### What to do:
For this exercise, retype all the data exactly and exclude every image.

### Supplied information:
***
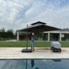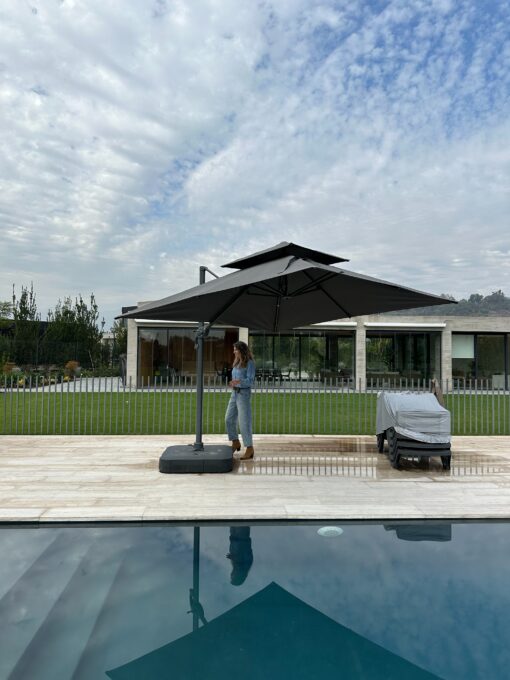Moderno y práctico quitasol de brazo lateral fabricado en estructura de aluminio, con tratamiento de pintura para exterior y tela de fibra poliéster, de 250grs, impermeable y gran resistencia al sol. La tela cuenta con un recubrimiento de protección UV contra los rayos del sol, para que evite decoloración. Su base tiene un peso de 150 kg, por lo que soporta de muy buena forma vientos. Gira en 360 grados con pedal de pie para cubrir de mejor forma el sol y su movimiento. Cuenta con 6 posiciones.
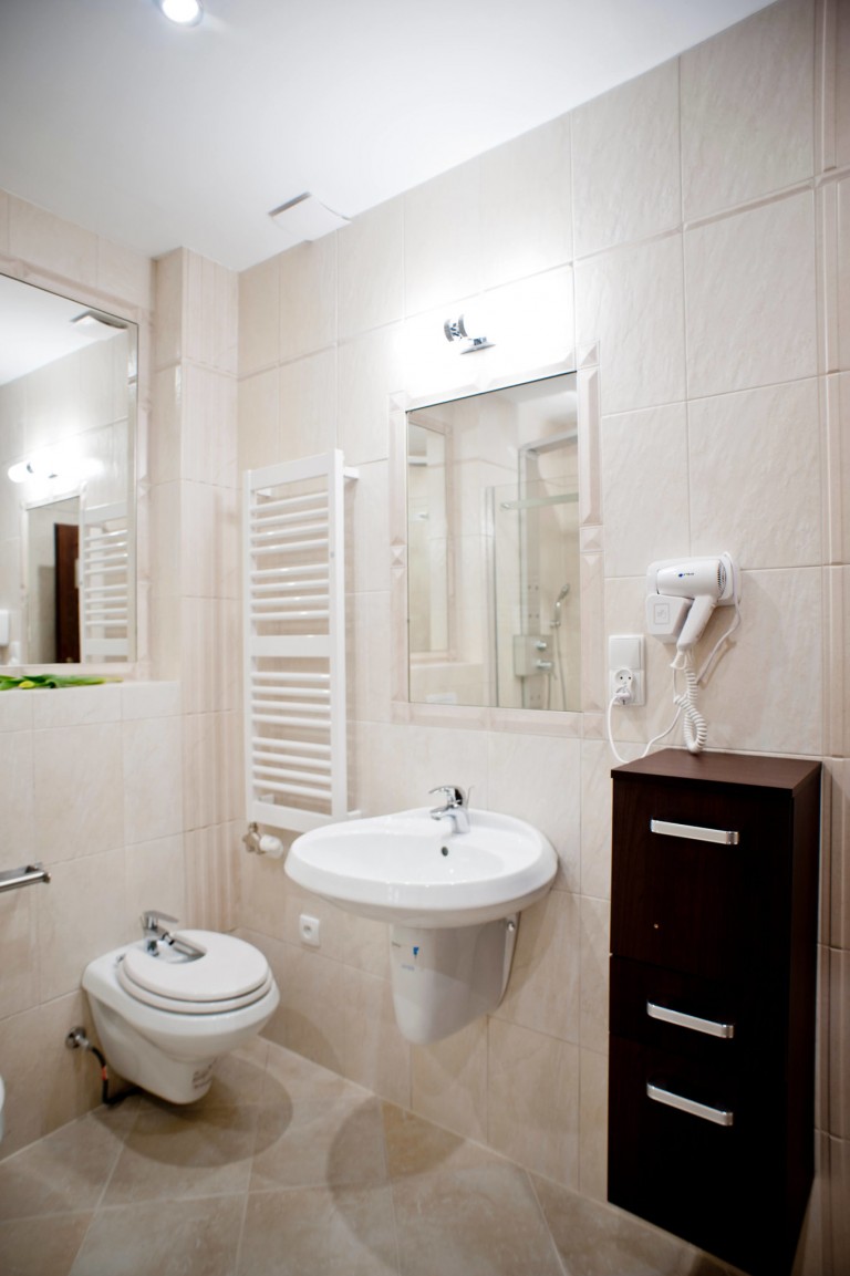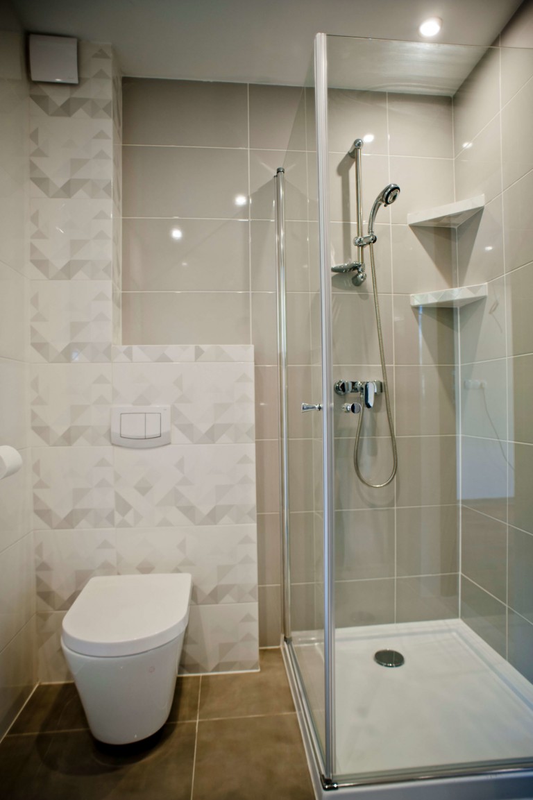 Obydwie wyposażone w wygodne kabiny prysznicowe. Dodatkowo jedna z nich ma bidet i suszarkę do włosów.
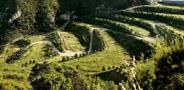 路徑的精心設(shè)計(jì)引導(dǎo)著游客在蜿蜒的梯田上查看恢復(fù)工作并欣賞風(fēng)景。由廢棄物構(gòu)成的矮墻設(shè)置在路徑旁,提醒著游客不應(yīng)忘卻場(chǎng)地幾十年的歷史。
***
### Answer to this task:
Moderno y práctico quitasol de brazo lateral fabricado en estructura de aluminio, con tratamiento de pintura para exterior y tela de fibra poliéster, de 250grs, impermeable y gran resistencia al sol. La tela cuenta con un recubrimiento de protección UV contra los rayos del sol, para que evite decoloración. Su base tiene un peso de 150 kg, por lo que soporta de muy buena forma vientos. Gira en 360 grados con pedal de pie para cubrir de mejor forma el sol y su movimiento. Cuenta con 6 posiciones.
 Obydwie wyposażone w wygodne kabiny prysznicowe. Dodatkowo jedna z nich ma bidet i suszarkę do włosów.
 路徑的精心設(shè)計(jì)引導(dǎo)著游客在蜿蜒的梯田上查看恢復(fù)工作并欣賞風(fēng)景。由廢棄物構(gòu)成的矮墻設(shè)置在路徑旁,提醒著游客不應(yīng)忘卻場(chǎng)地幾十年的歷史。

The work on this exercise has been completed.